Cutting Big Tasks into Agent-Sized Chunks: Task Decomposition
The goal of task decomposition is to ensure each task chunk completes before context collapse occurs. This requires splitting along two dimensions.
In the spatial dimension, modularization and API Contracts define the work fence for each Agent. Each module has complete input/output definitions; the Agent operates freely within the fence, and dependencies outside the fence are isolated through mocks. This gives each Agent a complete, self-contained work environment within its limited context window. It does not need to understand the entire system; it only needs to understand the module it is responsible for and its interface contracts with the outside.
API Contracts play a critical role here. They serve as both the technical boundary between modules and the cognitive boundary of the Agent's work scope.

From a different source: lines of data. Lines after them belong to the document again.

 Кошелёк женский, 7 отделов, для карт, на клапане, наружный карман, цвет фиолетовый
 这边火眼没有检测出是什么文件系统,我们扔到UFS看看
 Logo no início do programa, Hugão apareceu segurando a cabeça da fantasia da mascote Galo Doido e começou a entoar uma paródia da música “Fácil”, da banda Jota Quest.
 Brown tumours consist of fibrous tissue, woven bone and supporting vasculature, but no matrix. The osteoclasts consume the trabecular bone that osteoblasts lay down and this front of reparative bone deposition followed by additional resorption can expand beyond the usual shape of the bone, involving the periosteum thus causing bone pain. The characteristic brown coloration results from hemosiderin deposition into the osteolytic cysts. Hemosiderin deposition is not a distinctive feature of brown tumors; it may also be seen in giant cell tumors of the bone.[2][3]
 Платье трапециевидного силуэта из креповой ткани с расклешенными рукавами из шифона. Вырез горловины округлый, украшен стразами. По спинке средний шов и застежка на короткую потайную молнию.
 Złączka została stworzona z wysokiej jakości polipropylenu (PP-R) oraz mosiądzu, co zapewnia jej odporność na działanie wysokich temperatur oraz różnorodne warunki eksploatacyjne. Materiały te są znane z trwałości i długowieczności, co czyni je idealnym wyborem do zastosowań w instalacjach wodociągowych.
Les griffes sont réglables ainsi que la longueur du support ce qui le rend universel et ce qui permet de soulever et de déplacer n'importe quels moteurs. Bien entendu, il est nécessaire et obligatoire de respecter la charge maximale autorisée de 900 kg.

A clearly defined API Contract tells the Agent: you are responsible for implementing the logic behind this interface; what format the input takes, what format the output takes, and how error cases are handled are all written in the contract. The system beyond the contract is transparent to you; you do not need to and should not concern yourself with it.
In the temporal dimension, even within the same module, tasks are broken into small chunks. Each chunk is accepted upon completion, its output confirmed to meet expectations, and then context is reorganized for the next chunk. This directly counters the problem of early decisions being forgotten in long reasoning chains: through frequent context resets, each step executes in a clean, focused context.

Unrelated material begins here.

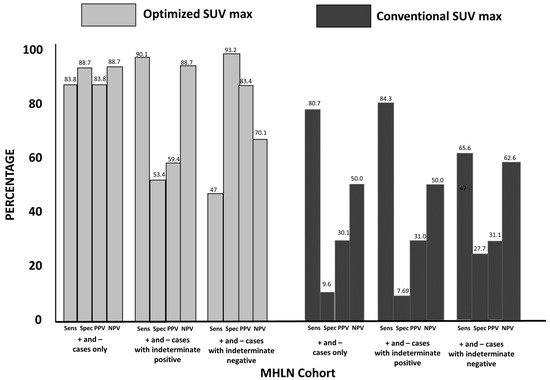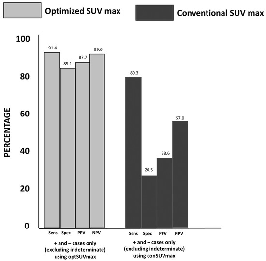 The results of optSUVmax and conSUVmax classified as indeterminate were further analyzed. Their effects on sensitivity, specificity, PPV, and NPV when grouped with positive or negative findings are shown in Figure 1.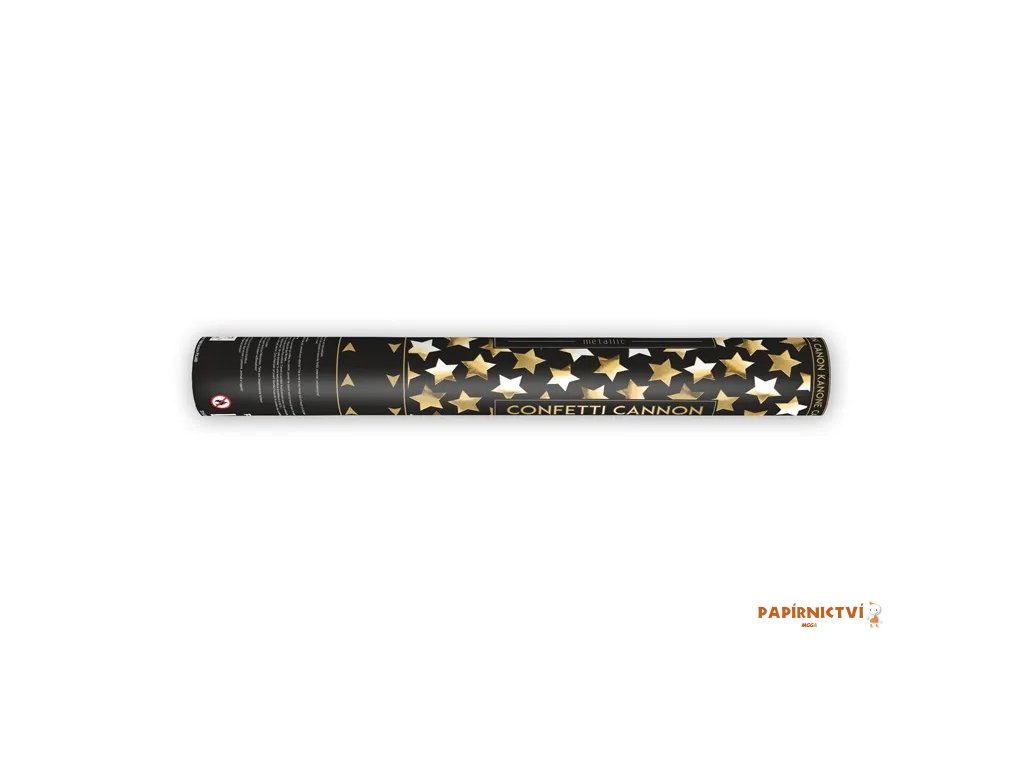 Konfetové dělo vystřelující kovové hvězdy, zlaté, délka 40 centimetrů.

The standard for judging granularity comes from practical experience. The ideal size for a task chunk is: the Agent can complete it within a single session, the output can be independently verified, and the completed code is in an integrable state. If a task chunk shows signs of the Agent contradicting itself during execution, the granularity is too large and needs further decomposition.

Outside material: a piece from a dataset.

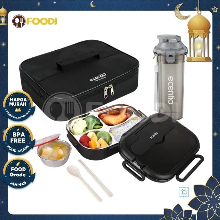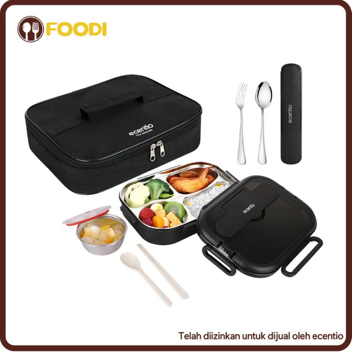 3pcs set ecentio dan foodi lunch box stainless kotak makan 4 sekat tahan panas dan anti tumpah tempat makan bekal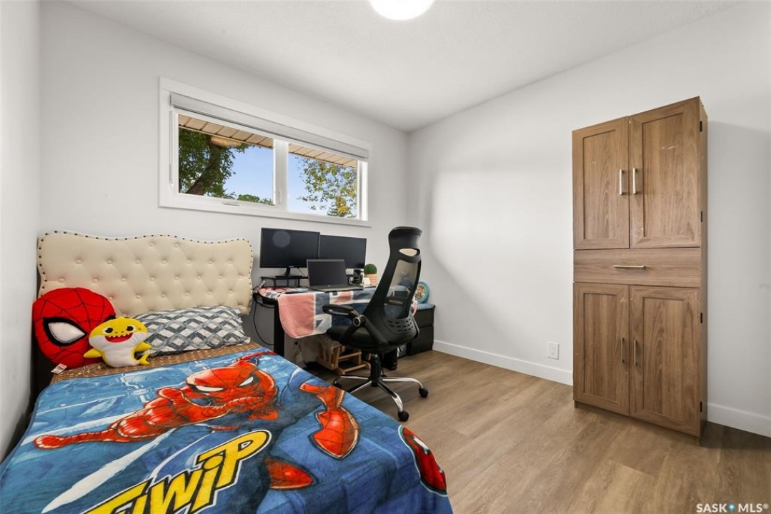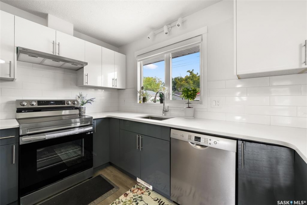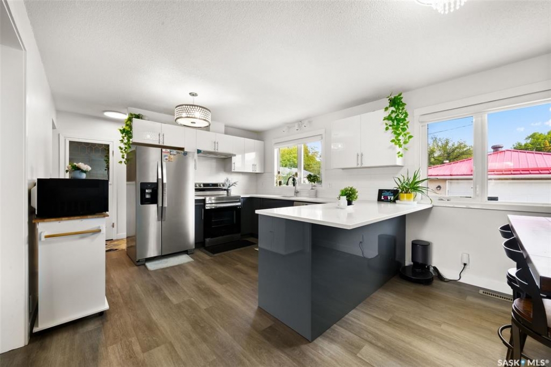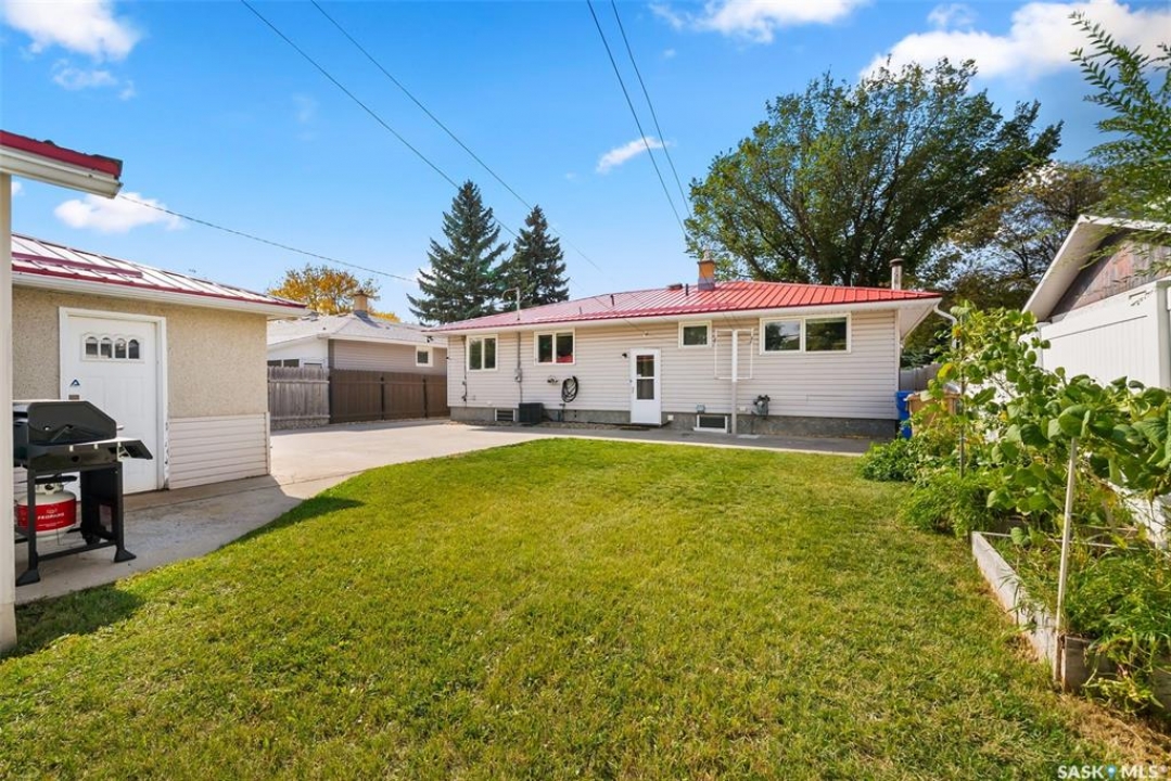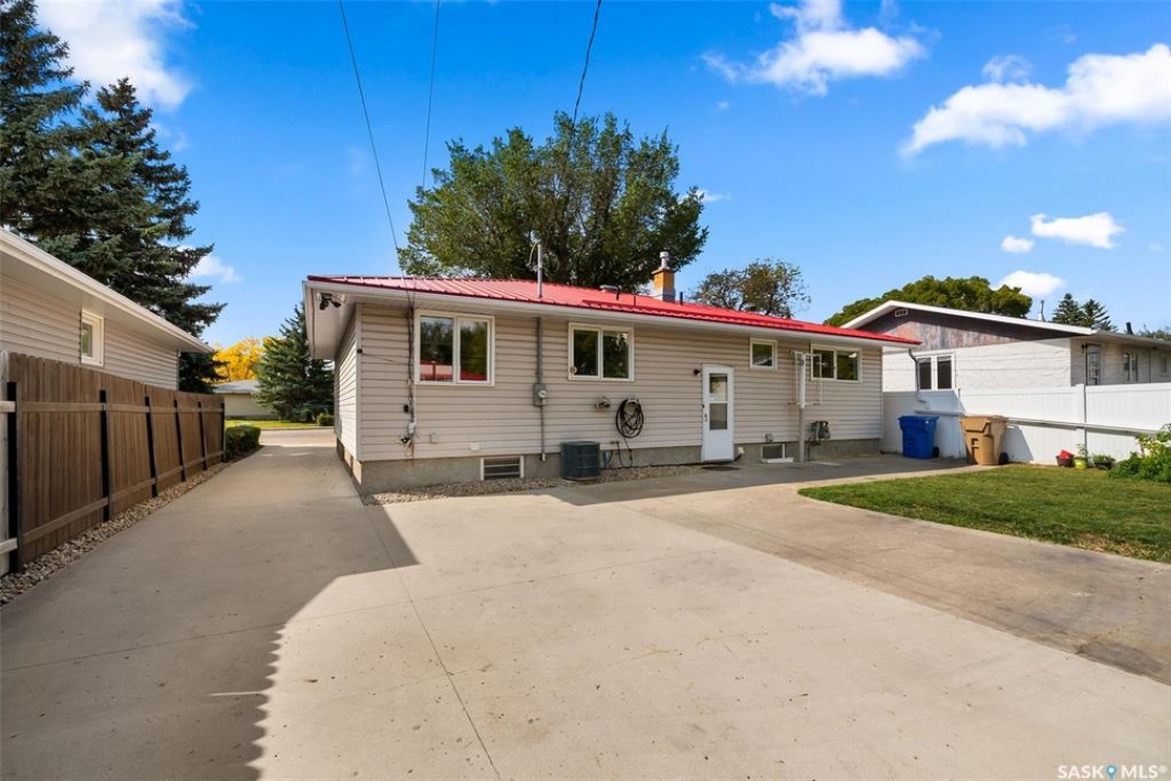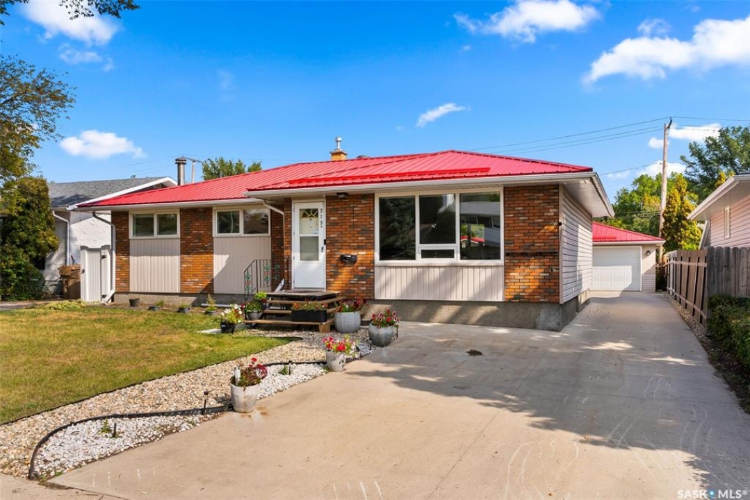 Welcome to 315 McIntosh Street N, a beautifully updated bungalow nestled in the family-friendly Normanview neighbourhood of Regina. This move-in ready home offers 1,245 sq. ft. of bright, modern living space on a spacious 6,100 sq.ft. lot. Thoughtful upgrades throughout. The main floor features a spacious living room with large windows that flood the space with natural light, complemented by vinyl plank flooring throughout. The open-concept design flows seamlessly into the dining area and a stunning updated kitchen, complete with quartz countertops, stylish two-tone cabinetry, stainless steel appliances, and an island with breakfast bar seating—perfect for everyday living and entertaining. Three main-floor bedrooms provide comfort and functionality, including a generous primary bedroom, and a beautifully renovated 4-piece bathroom with modern finishes. The fully developed basement offers even more living space with a large recreation room, an additional bedroom, a den, a 3-piece bath, and a spacious laundry room with extra storage—ideal for growing families or guests. Outside, the property sits on a 6,100 sq. ft. lot with a fenced backyard, patio area, and ample green space. A standout feature is the oversized 24' x 25' detached insulated garage, plus a long concrete driveway offering plenty of off-street parking. The home also boasts a durable metal roof for peace of mind. Additional highlights include central air conditioning, updated flooring, and modern fixtures throughout. Conveniently located near schools, parks, shopping, and transit, this property combines style, space, and practicality. This is an excellent opportunity to own a turn-key family home in a desirable location.

Combining both dimensions yields a hybrid execution mode. The requirements phase uses iterative exploration, allowing ambiguity and trial-and-error. Once the execution phase begins, it proceeds strictly in sequence: spec, test, code, acceptance. The spec is the dividing line. Before the spec: free iteration. After the spec: strict execution. This pattern can be summarized as "agile requirements, waterfall execution." AI Agents perform best under tight constraints. Loose processes lead to context contamination and drift.